空飛ぶペパミントキャンディ・ステッキ〜「とびらをあけるメアリー・ポピンズ」を読みました。(2)
P・L・トラヴァース 林容吉 訳 岩波少年文庫
「大理石の少年」
公園にある大理石の彫刻の少年が降りてきて、ある日の午後だけ、マイケルとジェーンと遊ぶというもの。
彫刻だとすっぱだかでも誰も何も言わないのに、生きている少年となると、「風邪ひかないか」などとうるさい。
たまりかねて、メアリー・ポピンズが自分の上着を上げる。
これは公園での話なので、ちょっと言うと、メアリー・ポピンズのシリーズで公園にいくとなると必ず出てくるのが、公園番である。公園の番人か?
日本では、有料の大きい公園以外では見た事ないし、そういうところでも、切符をもぎってるか大人しく掃除をしている。
イギリスでは、昔は置いていたのかな?わからない。
しかし、この公園番、威張っている。
「公園に紙くずはおことわり!」なんて年がら年中、大きな声を出されたら、相当、ウザい。リラックスしにいくとこなのに。
メアリー・ポピンズがやりかえす気持ちがわかる。
「あんたこそ、紙くず!」
大理石の男の子、ネリウスは、アイスクリームを食べたり、いつも肩越しに読んでいる<おもしろ絵本>を読んだり、充実した一日を過ごしたようだ。
最後に、像がないことに気付いたお偉いさんがさわいでいるため、台の上に復帰。
像が着ているのが、メアリー・ポピンズの上着であることに気付いた公園番はメアリー・ポピンズに、自分のピカピカの勲章がついた上着をあげる・・・いいとこあるじゃん。
◇ ◇ ◇
「ペパミントの馬」
今日は、バンクス家の子供達を連れて、お買い物。
子どもは大人の2倍歩かなくてはいけないから、買い物が終わる頃には子供達はクタクタ。それで怒りっぽい。
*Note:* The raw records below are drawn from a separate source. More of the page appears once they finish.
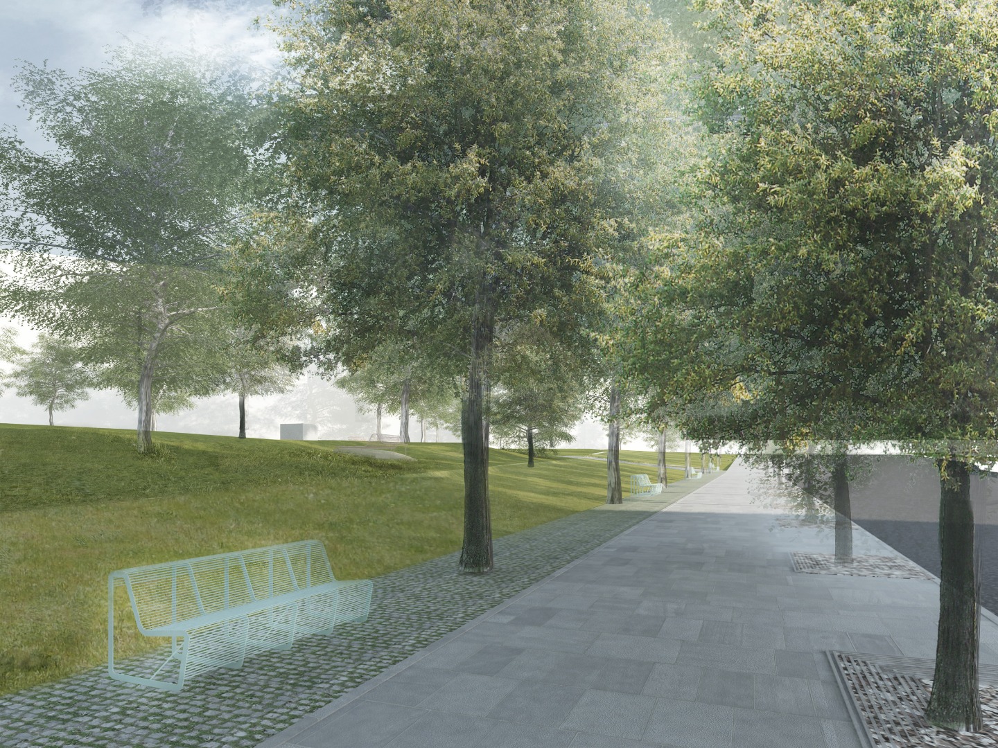 Cílem návrhu je zachování daných významných funkcí parkové plochy a podpory místa jako vyhlídky směrem na městský zelený pás, směrem ke Kolišti.
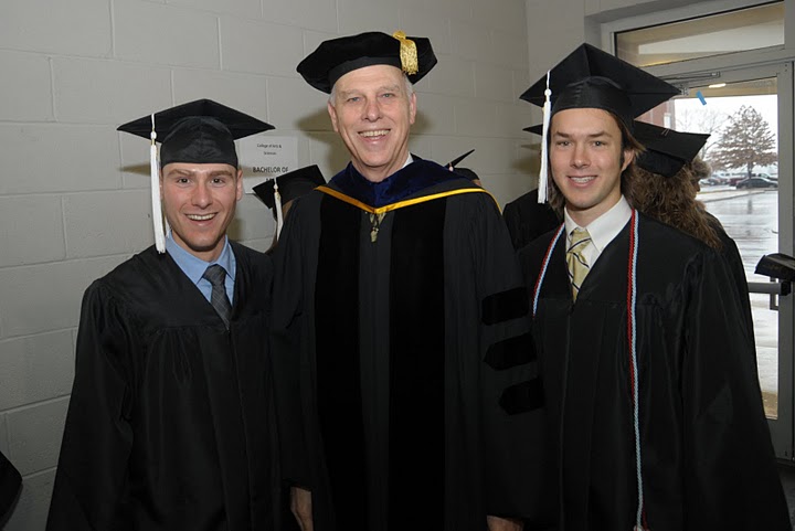 Daniel Ramer (left to right), Dr. Stephen Carls, and Jordan Thompson stand together prior to Union’s fall commencement on December 11, 2010.
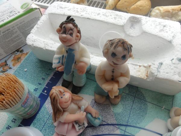 Ahoj Mozem sa k vam pridat? Velmi obdivujem vase nadherne dielka a rozhodla som sa ze aj ja s abudem ucit. pozrela som vela videi ohladne modelovanie postaviciek aj potahovania torty. Tato torta bola na zelanie pre ludi, ktori pomahaju druhym. Mala byt urobena podla konkretnej kbizky. Islo o Timovu pracu. teta robila korpusy, mamina krem, brat potahoval - mimochodom je to jeho druha potahovana torta v zivote a ja som namiesala odtiene a modelovala. Budeme s bratom robit viacej torticiek a postupne sa zlepsovat a tymyto tortami chceme robit radost nasim drahym priatelom a aj tym, ktori potrebuju pomoc aby mali take male potesenie. Pridavam aj bratovu prvu potahovanu tortu v zivote. Ja som modelovala figurky a bolo to pre rodinku, ktora ma cast domu je ako vystrihnuta z rozpravky Flinstonovci. Postavicky som robila podla roznych postupov na youtube.
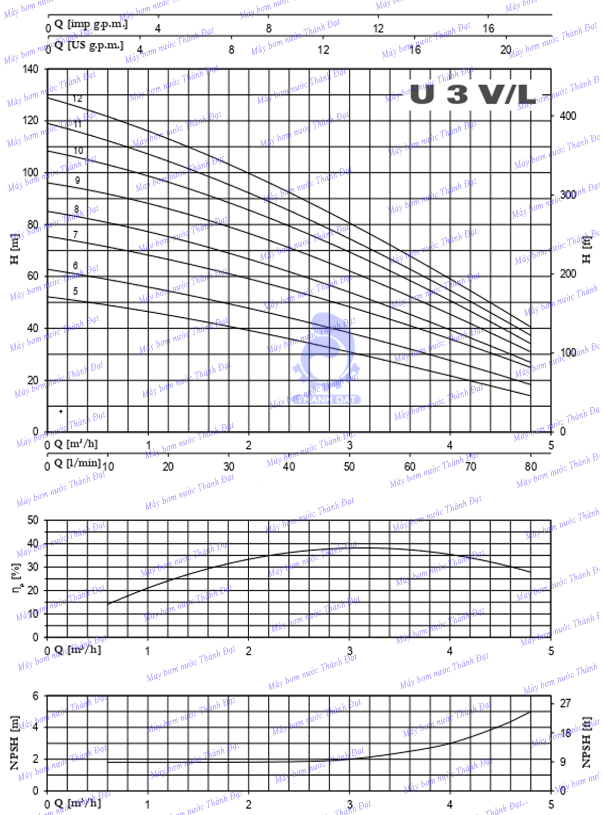 Bảng biểu đồ lưu lượng cột áp của Máy bơm trục đứng Pentax Ultra 3V
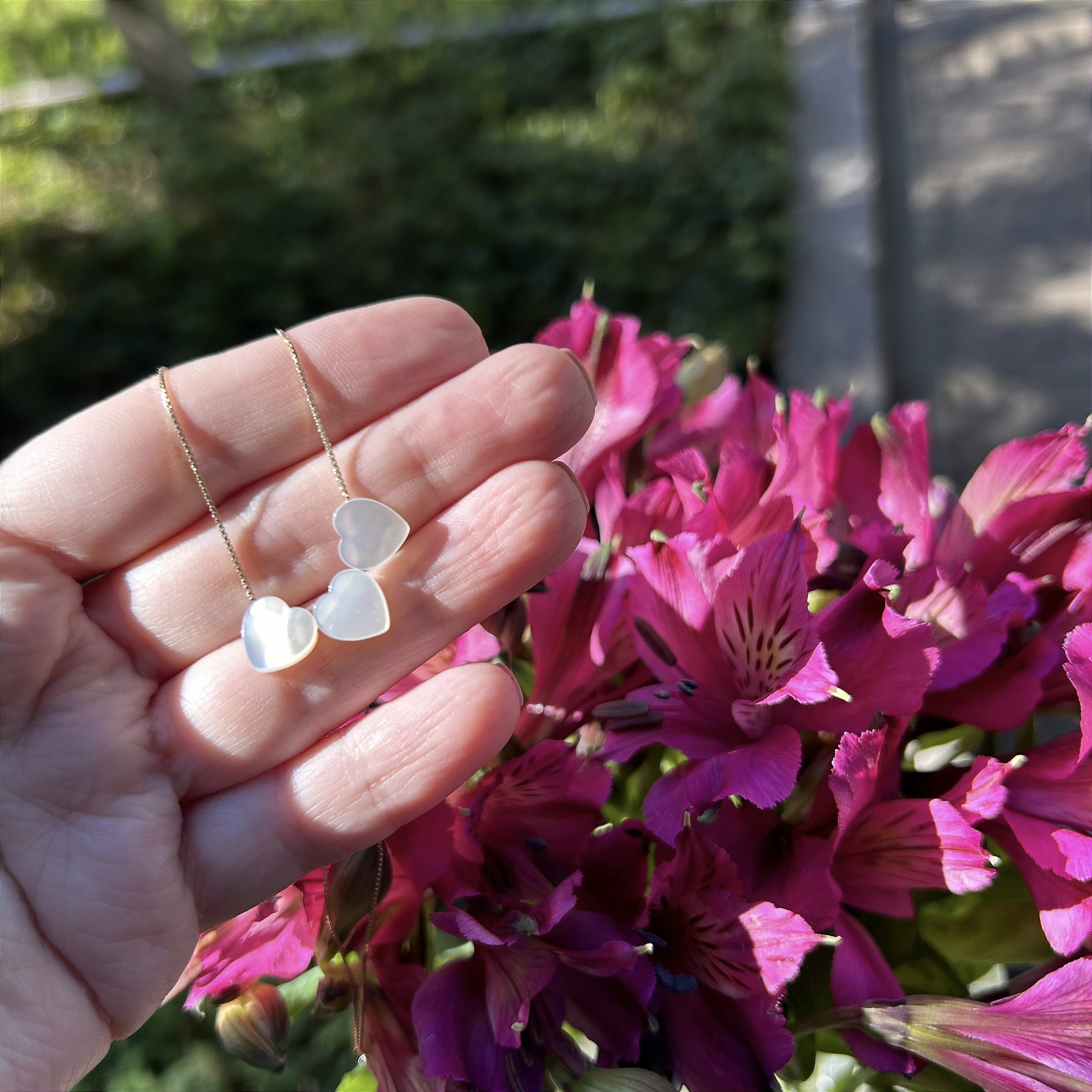 Colar folheado a ouro com 45 cm de comprimento com 3 coracoes de 9mm. Com estensor
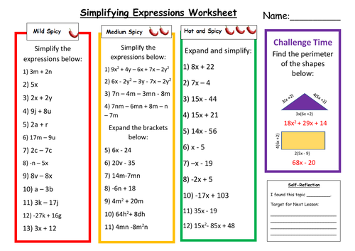Simplifying Like Terms. Subject: Mathematics. Age range: 11-14. Resource type: Worksheet/Activity. A worksheet with 3 activities about simplifying like terms, and an explanation of how do them. Tes classic free licence.
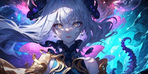 best quality,Amazing,Beautiful golden eyes,finely detail,Depth of field,extremely detailed CG unity 8k wallpaper,(1 girl :1.5),Deep sea background,jellyfish,masterpiece,fluttered detailed splashs, beautiful detailed water,cosmic eyes,Shock sensation,(realistic :0.5),octopus,original<lora:beautifulDetailedEyes_v10:0.5>, <lora:lightAndShadow_v10:0.5> <lora:fashionGirl_v45:0.4> <lora:epiNoiseoffset_v2:0.4>
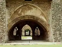 It is suggested from the heraldry used in the tiled floors of the refectory that it was finished at the end of the thirteenth century.[5] The encaustic tiles, which are 23 centimetres (9.1 in) square, include the arms of Henry III, Richard, 1st Earl of Cornwall and the Clare family.[8] It is believed they were produced to celebrate the marriage of Edmund, 2nd Earl of Cornwall and Margaret de Clare in 1272.[9] The final part to be finished was the small west range, which was used for storage and quarters for the lay brothers. East of the core buildings, and linked to them, was a second cloister around which was the monastic infirmary.[10]
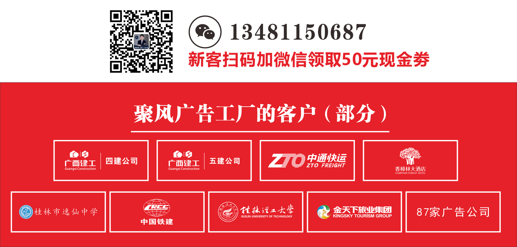 以上算是聚風廣告工廠的部分介紹,如果想了解更多,歡迎添加聚風廣告工廠微信;如果你正想找桂林廣告公司合作,也歡迎添加微信,相信合作后,您一定也會認可聚風廣告工廠是一家值得長期合作的桂林廣告公司的!

バンクスさんの奥さんに頼まれた買い物が終了したころ、こんなことが書いてあった。
ミス・キャリコ
さとう菓子製造販売
貸し馬あり
ペパミントの匂いに誘われていくと、キャンディ売りのおばあさんを発見。
しかも、安い。めちゃくちゃ安い。なんと一本、ピン一本である。
ピン?
そう、誰だってピンの一本ぐらい洋服のどこかにさしていた時代である。ただし、バンクス家の子供達は、メアリーポピンズがつくろいものをすませているのでなし。しかたなくメアリー・ポピンズにもらう。
現代日本では安全ピンのほうがポピュラーだが、この時代はピンであろう。
しかもこのキャンディ売りのおばあさん、洋服全体がピンで覆われている。そこに刺すのだ。
こんな安値とあって、ペパミントキャンディ・ステッキ大人気。知り合いのあらゆる人が買っている。
それをなめていたマイケル。ステッキがはねまわっているのに気付いた。
まさか
そう、空をとぶ。
マイケルのばかりでない。他の子供たちのステッキも。
メアリー・ポピンズはステッキを買わなかったが、自分のこうもりがさにのって優雅に飛んでいる。
ジェーンも、他の子どももとんでいる。
そして他のひとのペパミントキャンディステッキも。
空はおおにぎわいである。空はキャンディの乗り手でいっぱいだった。
空の散歩を楽しんできたマイケル。
ジェーンは、大切にしまっておいたステッキが、ミス・キャリコに呼ばれ、空に帰っていくのをいつまでも見ていた。